**WORK INSTRUCTIONS:** Please output all the entries word for word, without the pictures.

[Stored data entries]
▽

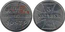 - ↑ RR-, 3 kopiejki 1916 OST J, Hamburg, mennicze, ZDWOJENIA DATY [online], OneBid [dostęp 2024-10-10] (pol.).
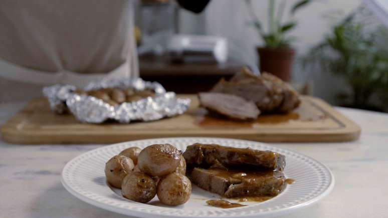 - Dispor o papelote com a carne e o papelote com as batatas na mesma forma e levar ao forno preaquecido 180 graus por 30 minutos.
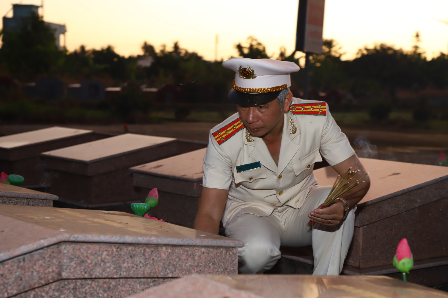 Đại tá Huỳnh Hoài Hận, Phó Giám đốc Công an thành phố thắp hương tại phần mộ liệt sĩ
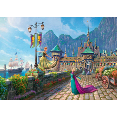 Join Anna and Elsa in a joyful celebration outside the royal castle in this 1000-piece puzzle from Schmidt’s Disney Dreams Collection, featuring the artistry of Thomas Kinkade Studios. With ships in the harbour, colourful banners fluttering, and Arendelle basking in sunshine, this puzzle captures the heartwarming spirit of sisterhood and new beginnings.
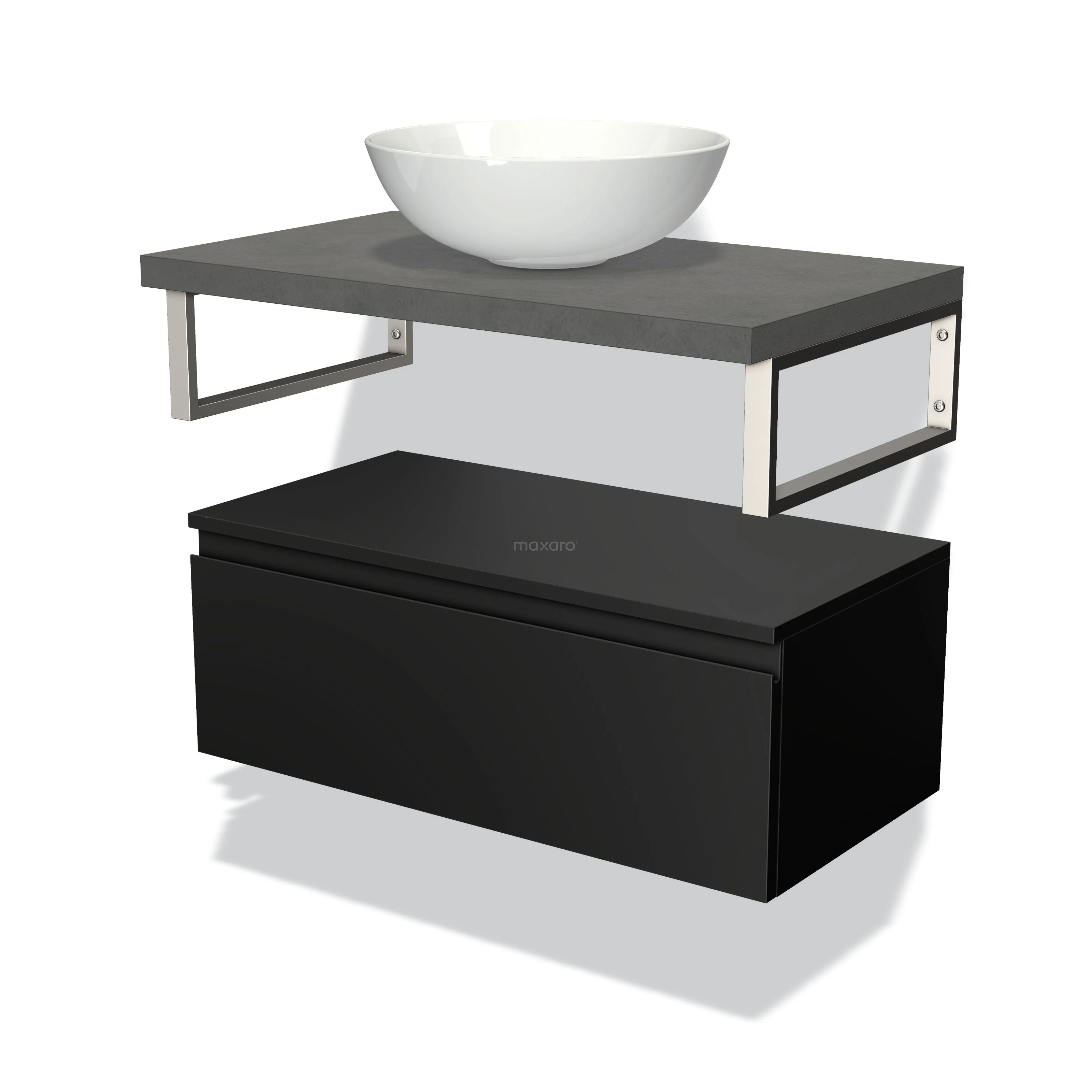 Badmöbel für Aufsatzwaschbecken 80 cm Modulo Plato Matt Schwarz 1 Schublade Grifflos Dunkelgrau Beton Platte
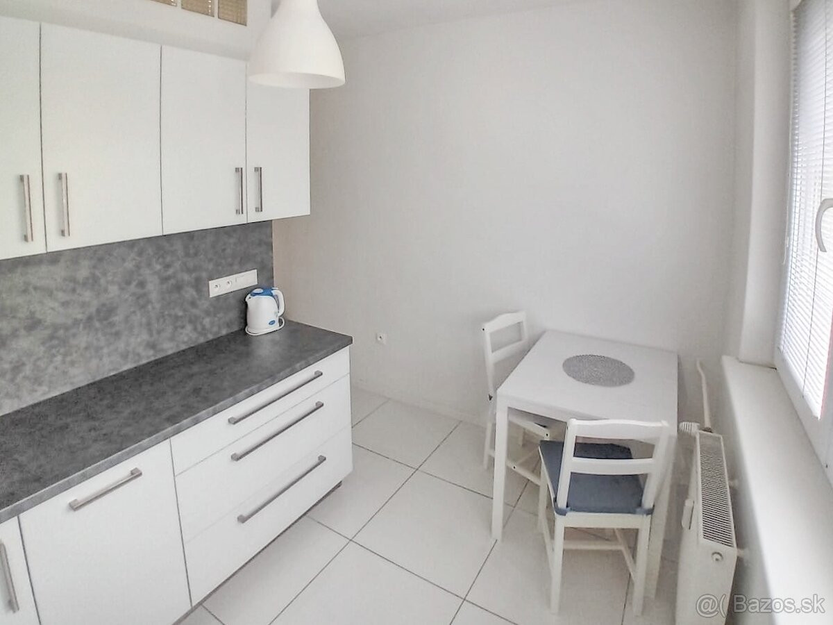 Byt pozostáva z kuchyne (vrátane spotrebičov), obývačky, spálne (vstup na loggiu), chodby, kúpeľne (sprchový kút a práčka) a samostatného WC. K dispozícii je aj pivnica.
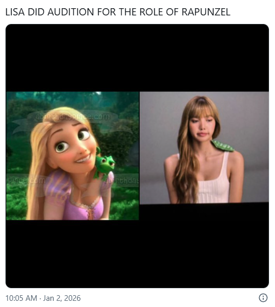 ตอกย้ำกระแสข่าวลือยิ่งขึ้นไปอีก ล่าสุด วันที่ 2 มกราคม "ลิซ่า" ได้เผยภาพรีแคปช่วงปี 2025 ที่ผ่านมา ทั้งภาพเบื้องหลังการถ่ายทำ MV แต่ภาพที่ทำเอาสะดุดตาคงไม่พ้น ภาพนิ่งของลิซ่าที่มีแผ่นสีเขียวแปะอยู่บนไหล่ ขึ้นคู่กับภาพของ "ราพันเซล" ทำให้เกิดการคาดเดาว่า เธอกำลังทำการทดสอบหน้ากล้อง (Screen Test) สำหรับบทบาทนี้หรือเปล่า
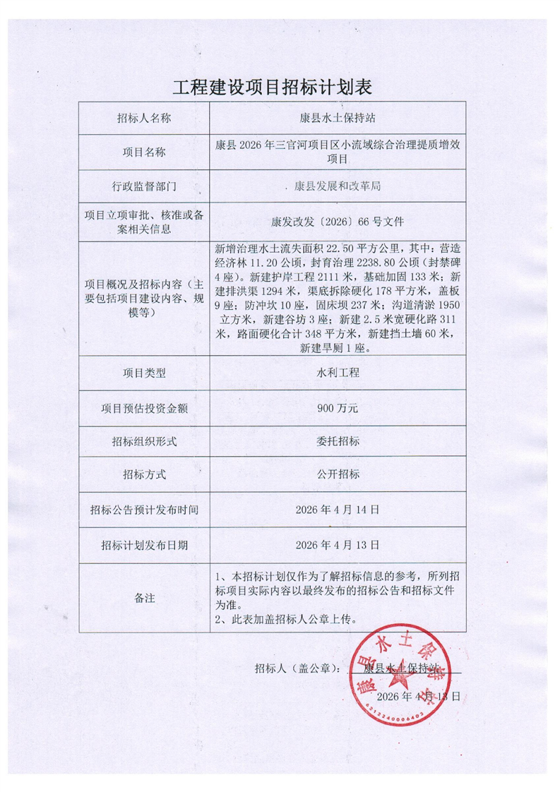 康縣2026年三官河項目區(qū)小流域綜合治理提質(zhì)增效項目
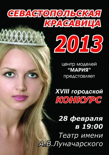 28 февраля в 19-00 на сцене академического театра имени А.В. Луначарского состоится 18-й городской конкурс «Севастопольская красавица-2013». Его организаторами выступают севастопольское агентство моделей «Мария» и Национальный комитет «Мисс Украина».
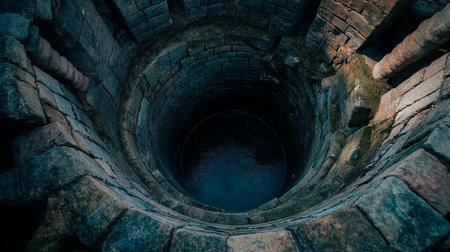 Gazing down into the dark, circular opening of an ancient stone well. The rough, weathered stones tell a story of generations past, leading to a mysterious reflection in the deep water below.
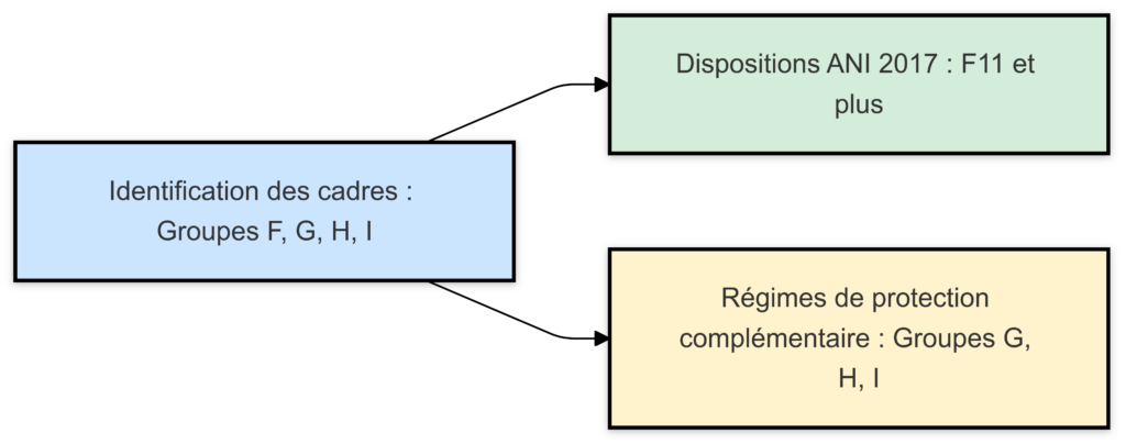 - Les salariés classés F11 et plus peuvent bénéficier des dispositions de l’Accord National Interprofessionnel (ANI) de 2017 sur la prévoyance des cadres.
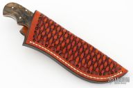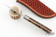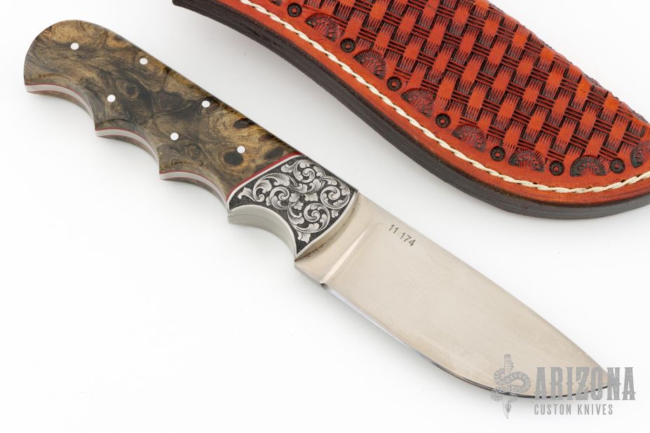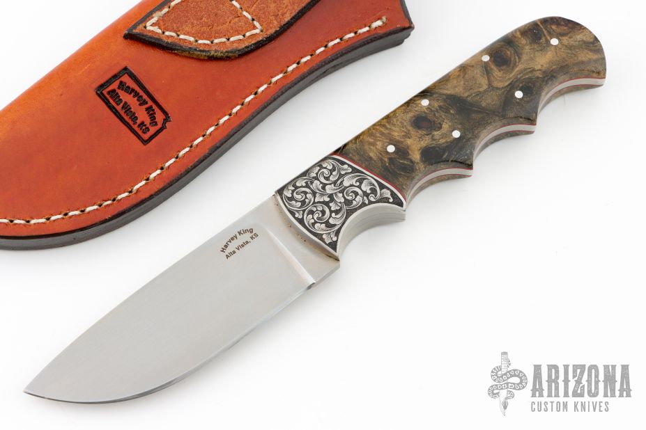 This knife by Harvey King features a hand satin finished blade with .133" blade stock and 1.2" blade depth, full tang construction. The handle has stainless dovetail bolsters engraved by Russ Zima, red liners, and pinned California buckeye burl covers with finger grooves. Includes a hand-tooled brown leather sheath and COA dated 11-18-2011. Has a couple light scuffs, otherwise Excellent Condition.
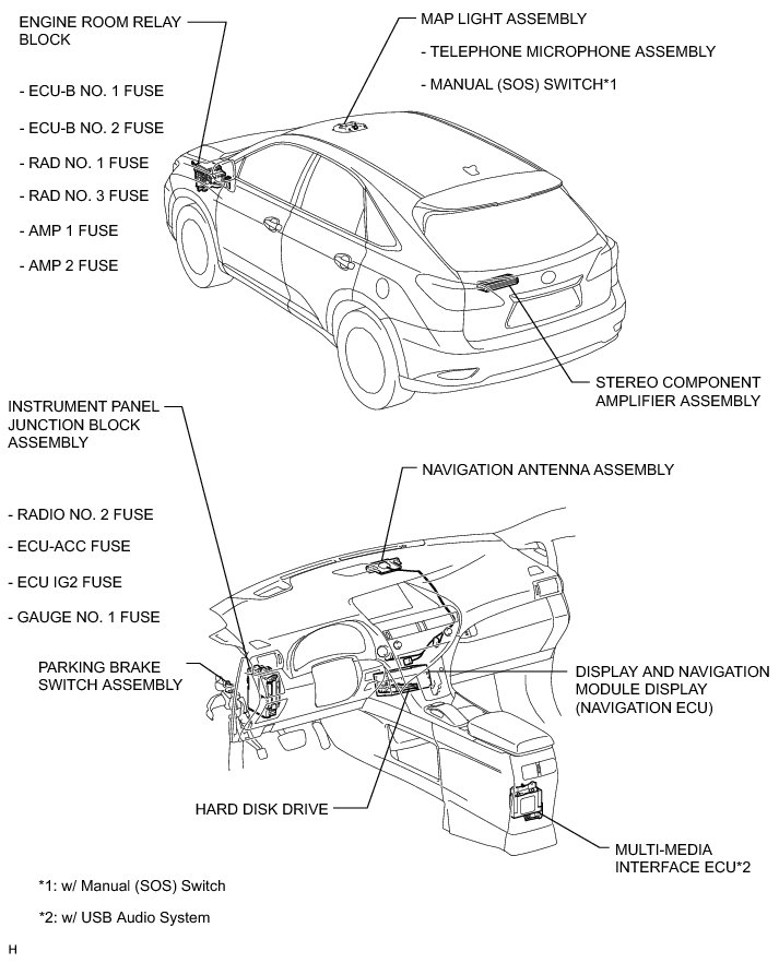 NAVIGATION / MULTI INFO DISPLAY: NAVIGATION SYSTEM (for HDD): PARTS LOCATION

△

**SOLUTION TO THE EXERCISE:**
 - ↑ RR-, 3 kopiejki 1916 OST J, Hamburg, mennicze, ZDWOJENIA DATY [online], OneBid [dostęp 2024-10-10] (pol.).
 - Dispor o papelote com a carne e o papelote com as batatas na mesma forma e levar ao forno preaquecido 180 graus por 30 minutos.
 Đại tá Huỳnh Hoài Hận, Phó Giám đốc Công an thành phố thắp hương tại phần mộ liệt sĩ
 Join Anna and Elsa in a joyful celebration outside the royal castle in this 1000-piece puzzle from Schmidt’s Disney Dreams Collection, featuring the artistry of Thomas Kinkade Studios. With ships in the harbour, colourful banners fluttering, and Arendelle basking in sunshine, this puzzle captures the heartwarming spirit of sisterhood and new beginnings.
 Badmöbel für Aufsatzwaschbecken 80 cm Modulo Plato Matt Schwarz 1 Schublade Grifflos Dunkelgrau Beton Platte
 Byt pozostáva z kuchyne (vrátane spotrebičov), obývačky, spálne (vstup na loggiu), chodby, kúpeľne (sprchový kút a práčka) a samostatného WC. K dispozícii je aj pivnica.
 ตอกย้ำกระแสข่าวลือยิ่งขึ้นไปอีก ล่าสุด วันที่ 2 มกราคม "ลิซ่า" ได้เผยภาพรีแคปช่วงปี 2025 ที่ผ่านมา ทั้งภาพเบื้องหลังการถ่ายทำ MV แต่ภาพที่ทำเอาสะดุดตาคงไม่พ้น ภาพนิ่งของลิซ่าที่มีแผ่นสีเขียวแปะอยู่บนไหล่ ขึ้นคู่กับภาพของ "ราพันเซล" ทำให้เกิดการคาดเดาว่า เธอกำลังทำการทดสอบหน้ากล้อง (Screen Test) สำหรับบทบาทนี้หรือเปล่า
 康縣2026年三官河項目區(qū)小流域綜合治理提質(zhì)增效項目
 28 февраля в 19-00 на сцене академического театра имени А.В. Луначарского состоится 18-й городской конкурс «Севастопольская красавица-2013». Его организаторами выступают севастопольское агентство моделей «Мария» и Национальный комитет «Мисс Украина».
 Gazing down into the dark, circular opening of an ancient stone well. The rough, weathered stones tell a story of generations past, leading to a mysterious reflection in the deep water below.
 - Les salariés classés F11 et plus peuvent bénéficier des dispositions de l’Accord National Interprofessionnel (ANI) de 2017 sur la prévoyance des cadres.
 This knife by Harvey King features a hand satin finished blade with .133" blade stock and 1.2" blade depth, full tang construction. The handle has stainless dovetail bolsters engraved by Russ Zima, red liners, and pinned California buckeye burl covers with finger grooves. Includes a hand-tooled brown leather sheath and COA dated 11-18-2011. Has a couple light scuffs, otherwise Excellent Condition.
 NAVIGATION / MULTI INFO DISPLAY: NAVIGATION SYSTEM (for HDD): PARTS LOCATION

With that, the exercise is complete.